We also analyzed cost savings. The refractory cost per ton \(C\) is given by: $$C = \frac{C_{material} + C_{maintenance}}{T_{steel}}$$ where \(C_{material}\) is material cost, \(C_{maintenance}\) is maintenance cost, and \(T_{steel}\) is tons of steel produced. With the screw gear system, \(C_{material}\) decreased due to lighter plates and longer life, while \(C_{maintenance}\) fell from fewer interventions. Our data shows \(C\) dropped from $12.50 to $8.75 per ton, a substantial reduction.
To visualize the wear progression, we modeled cumulative wear over heats. Let \(W_i\) be wear after heat \(i\), with \(W_i = W_{i-1} + \Delta W\). For the screw gear, \(\Delta W\) is smaller, leading to a slower accumulation. This can be expressed as a differential equation: $$\frac{dW}{dt} = k’ \cdot f(P, v)$$ where \(k’\) is a constant. Solving this numerically, we confirmed that the screw gear system extends the time to reach critical wear levels.

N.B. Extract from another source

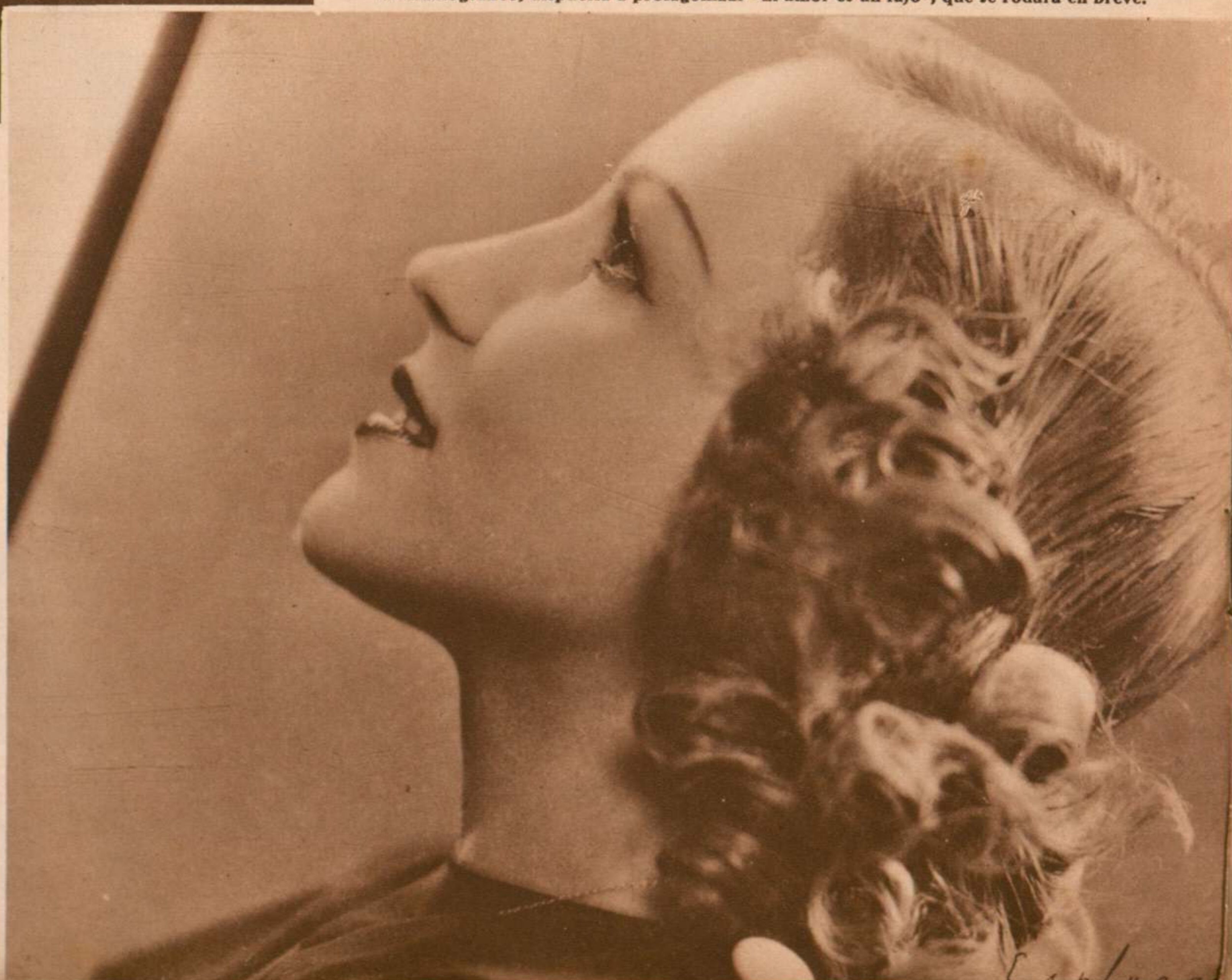
Isa España, joven y bellísima actriz, que repuesta de su enfermedad, vuelve al trabajo cinematográfico, dispuesta a protagonizar "El amor es un lujo", que se rodará en breve.

Conclusion and Future Perspectives
The screw gear type new rotary nozzle has proven to be a transformative technology in our continuous casting operations. By leveraging the screw gear mechanism, we achieved remarkable improvements in lifespan, cost efficiency, and reliability. The screw gear’s compact design, stable rotation, and compatibility with refractory innovations like the no-lug structure have driven these gains. Our trials on 70t ladles demonstrated a 60% increase in heats per nozzle set and a 30% reduction in refractory costs, validating the switch from slide gates.
Looking ahead, we plan to further optimize the screw gear system. Potential areas include enhancing the screw gear material for higher temperature resistance, refining the hydraulic control for variable speed rotation, and integrating sensors for real-time wear monitoring. We believe that continued focus on the screw gear technology will yield even greater savings and performance. The screw gear principle can also be applied to other metallurgical processes, expanding its impact beyond ladle nozzles.
In summary, the screw gear type rotary nozzle represents a significant advancement in refractory management. Its mechanical and refractory features, underpinned by the screw gear, offer a robust solution to cost challenges. We are committed to advancing this technology and sharing insights with the industry. As we move forward, the screw gear will remain central to our efforts in driving efficiency and sustainability in steelmaking.